На днях открылась выставка «100 книг по истории татар и Татарстана», приуроченная к 20-летию Института истории им. Ш. Марджани. В центре внимания мероприятия был семитомник «История татар с древнейших времен». После встречи главный виновник торжества, директор института Рафаэль Хакимов, рассказал «Реальному времени», как образовалось это научное учреждение и об отношениях с татарстанскими президентами. Также он поведал, почему Институт истории отпочковался от Академии наук РТ.

Как физик стал главным татарским историком

— Помните тот день, когда 20 лет назад все создавалось? Как родилась идея создать Институт истории?

— Помню. Я даже писал об этом. Просто там в Академии наук возник скандал: ученые передрались, шли бесконечные статьи с критикой друг друга, аж до судов доходило. Это было в 1995—1996 годы. Я попал в академию как кризисный менеджер. Я же не историк.

— И вам неоднократно это напоминают...

— Да. Я заканчивал физфак. Как политологу мне все это ближе и понятней. Надо было разрешить кризис в управлении. И Шаймиев меня, как кризисного менеджера, туда послал именно для этого, поскольку я имел дело с кризисами у нас в республике, в Чечне тоже участвовал. У меня был такой опыт, видимо, решили, что и здесь он тоже пригодится. Я, конечно, возражал. Междоусобица — это одно, но ты должен быть еще и историком. Пришлось выучиться в быстром режиме.

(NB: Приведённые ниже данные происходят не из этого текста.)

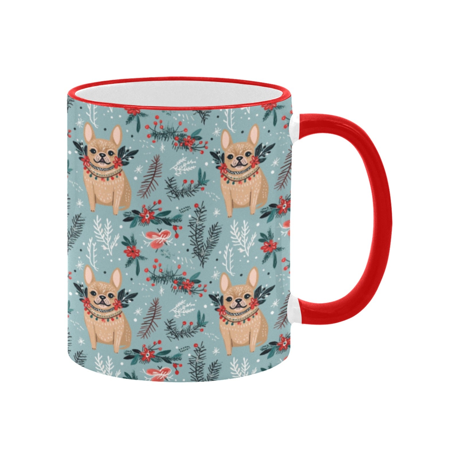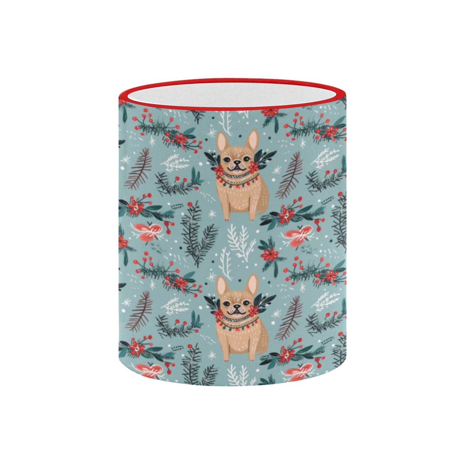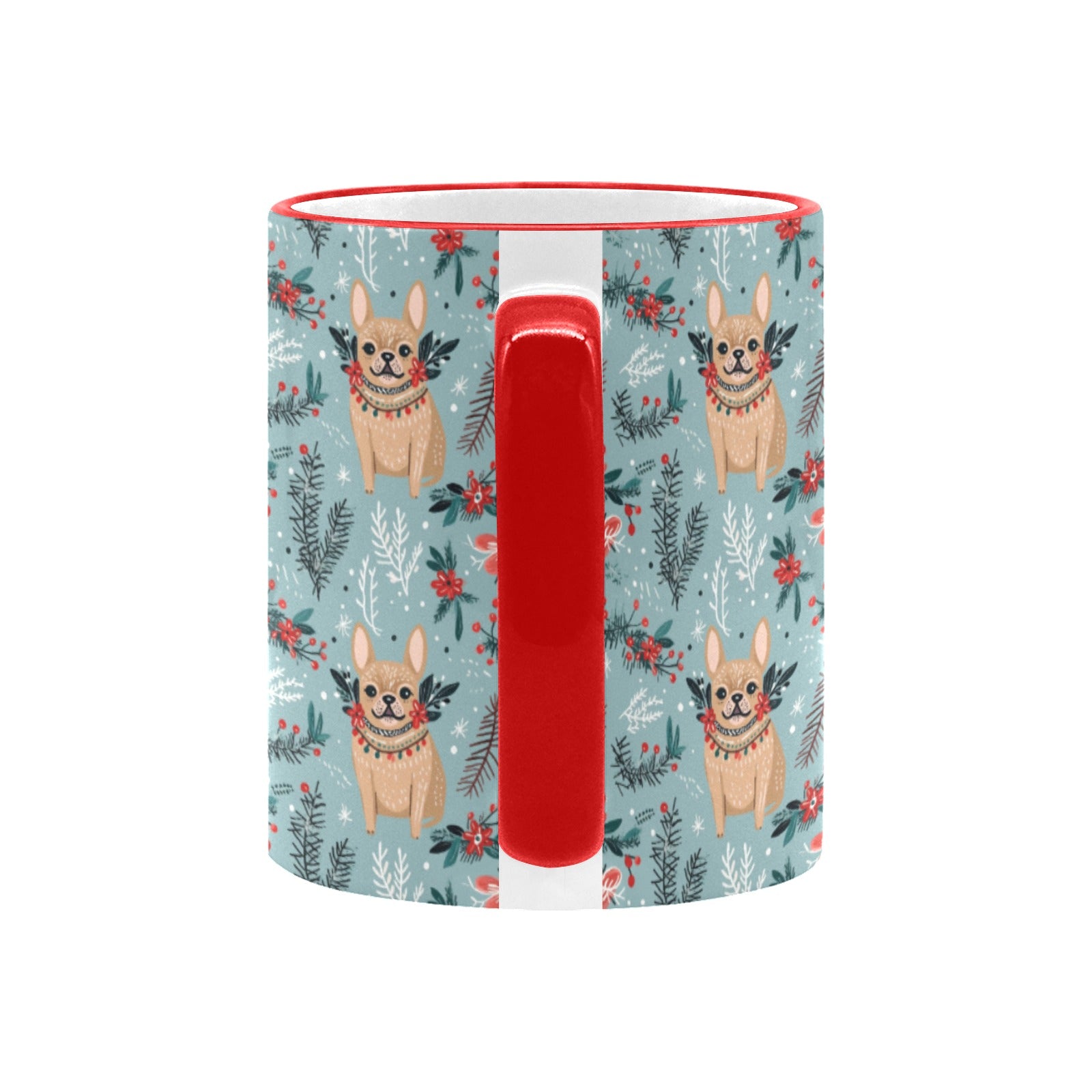 Fawn / Cream Festive French Bulldog Winter Flora Christmas Coffee Mug
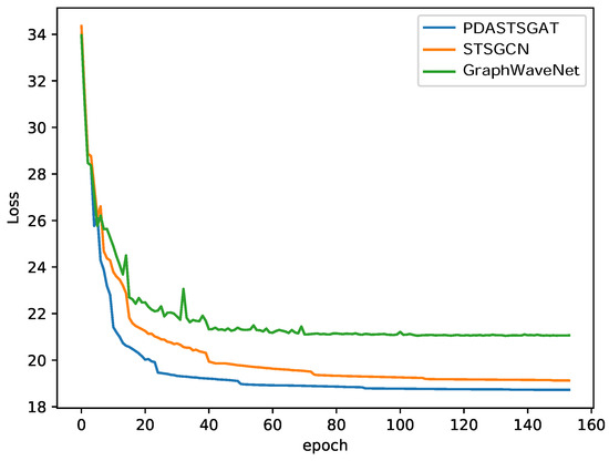 This article constructs a graph neural network model based on PyTorch. The cross-entropy loss function is used for loss calculation, and the Adam optimizer is employed to update the parameter matrices of the network. The learning rate is set at 0.003. The following figure presents a comparison of different approaches for model training. Graph WaveNet [17] incorporates two distinct modules to effectively capture spatial dependencies and temporal correlations in a separate manner, resulting in inferior training performance compared to STSGCN and PDASTSGAT. By introducing graph attention mechanisms, our model can achieve faster convergence.

— Фундаментальное образование помогло?

— Поскольку я был физиком, у меня не было идеологических заморочек по этой части. У нас же среди физиков история КПСС не считалась предметом, и учить толком не учили. Да и с нас никто не спрашивал, когда тебе квантовую механику надо сдавать. 45 лекций сплошных формул — какая там история КПСС? И те понимали.

Во-вторых, я не был ни с какой исторической школой связан. То есть у меня не было авторитета, учителя, обязательств перед кем-то. Для меня хоть ты историк, хоть ты. Какая школа, кто у тебя руководитель — мне было все равно. Мне надо было знать, как было на самом деле. Больше ничего. Я оказался над этими партийными межфракционными войнами. Поскольку я не конкретный специалист, а мне надо было держать общую линию, то это уровень методологический, философский, где надо было знать, скорей, стратегию, как дальше развивать историческую науку, нежели самому сидеть и писать. Это мне было, конечно, сложно, но я нашел свое место, которое давало возможность видеть свою историю, а не специально какую-то свою продвигать; с другой стороны, помогло потушить пожар.

Когда взялись за труд — семитомник, все сказали, что это невозможно, неподъемно, бессмысленно. Когда возникают такие задачи, то мелкие твои дрязги начинают исчезать — не продохнуть. И все это кажется такой мелочью по сравнению с семитомной историей. Не до интриг. И начали подтягивать ученых со стороны. Оказалось, что те, кто у нас рвал рубаху на груди, мол, я гений, оказался не очень-то гений. Оказалось, что ученые в России и Европе уже дальше продвинулись. Вот собственно причина, как я тут оказался.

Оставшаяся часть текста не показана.